Jonathon O'Dougherty

Personal information
- Born: 22 February 1978 (age 48)
- Height: 172 cm (5.64 ft)

Figure skating career
- Country: Great Britain
- Skating club: Deeside Nottingham
- Retired: 2005

= Jonathon O'Dougherty =

Welsh ice dancer

Jonathon O'Dougherty (born 22 February 1978), is a Welsh ice dancer who competed for Britain with his wife, Pamela O'Connor.

==Personal life==
O'Dougherty was born in Wrexham, Wales on 22 February 1978. He graduated from South Nottingham College in 2004 with a degree in Sports Science. He graduated from San Jose State University. He has one brother, who also skated competitively.

O'Connor and O'Dougherty moved to California in 2004, then moved to Minnesota in 2007, where they married. They moved back to California in 2009, where they coached at Sharks Ice in San Jose, California. They then moved to Bozeman, MT where O'Dougherty serves as the Skating Director for the Gallatin Ice Foundation. He currently coaches at the Bozeman Figure Skating Club. They have two daughters, born in Bozeman.

==Career==
O'Dougherty started to skate at age twelve. He was initially a singles skater. After switching to ice dancing. In 1995, he teamed up with O'Connor. They won the bronze medal at the British Junior ice dance championships in their first year together.

O'Connor and O'Dougherty competed at one World Championships, finishing 19th in 2002, and twice at the European Championships, finishing 16th in 2003 and 14th in 2005. They won medals at several internationals – Finlandia Trophy, Pavel Roman Memorial, Ondrej Nepela Memorial, and Golden Spin of Zagreb – and one senior national title.

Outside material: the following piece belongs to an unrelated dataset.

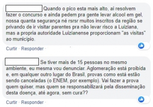 O anúncio das provas do concurso da prefeitura de Luiziana para o próximo dia 19 rendeu críticas nas redes sociais. "Isso é um absurdo! A prova em plena pandemia", protestou uma usuária na página do município. "Não consigo entender, coronavírus correndo solto e vão fazer concurso?". frisou outra. "Coronavírus agradece", concluiu uma terceira.
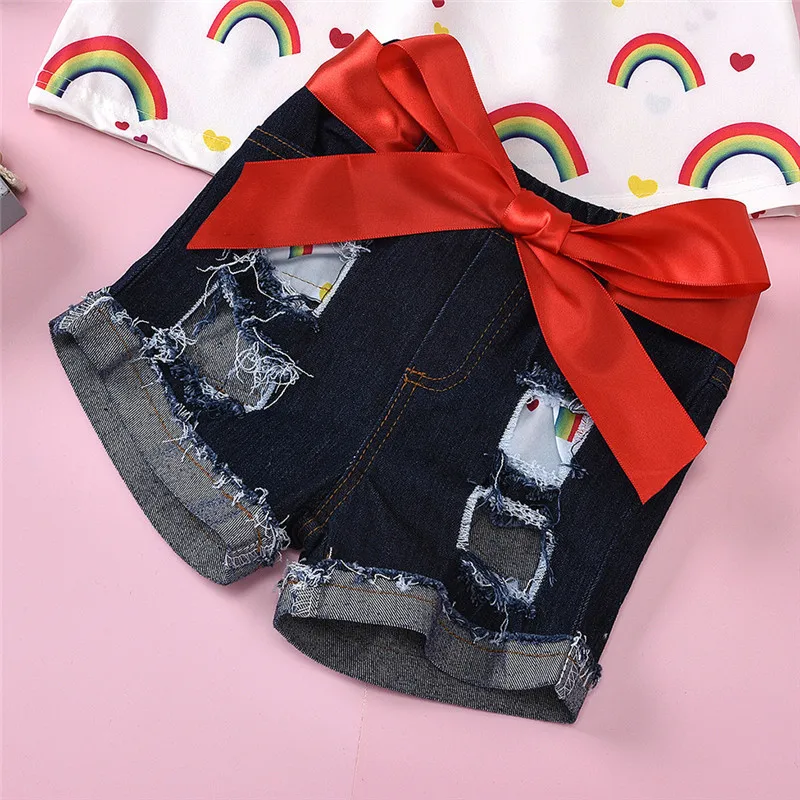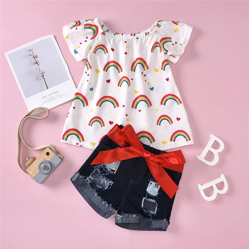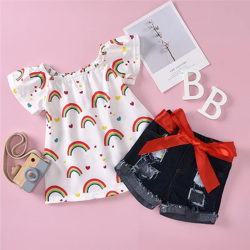 Одежда для новорожденных девочек из 2 предметов топы с открытыми плечами для малышей, джинсовые шорты с бантом одежда для малышей Милая летняя одежда комплект для малышей

They trained in Great Britain and France until they moved to California to train with Sergei Ponomarenko and Marina Klimova, Olympic gold medalists.

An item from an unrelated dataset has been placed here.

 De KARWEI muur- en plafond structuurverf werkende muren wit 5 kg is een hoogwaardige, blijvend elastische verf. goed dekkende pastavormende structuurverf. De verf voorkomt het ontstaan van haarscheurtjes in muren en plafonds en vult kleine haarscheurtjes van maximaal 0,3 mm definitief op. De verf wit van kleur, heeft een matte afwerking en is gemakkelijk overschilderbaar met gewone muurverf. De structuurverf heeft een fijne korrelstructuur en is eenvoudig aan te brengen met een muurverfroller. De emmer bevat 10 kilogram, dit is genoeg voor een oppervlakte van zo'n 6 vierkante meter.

In 1999, O'Dougherty appeared in Robbie Williams' music video for "She's the One".

O'Connor and O'Dougherty retired from competitive skating in 2005. They appeared in the 2006 Australian TV show, Torvill and Dean's Dancing on Ice. O'Dougherty's celebrity partner, Giaan Rooney, injured her ankle before the second episode.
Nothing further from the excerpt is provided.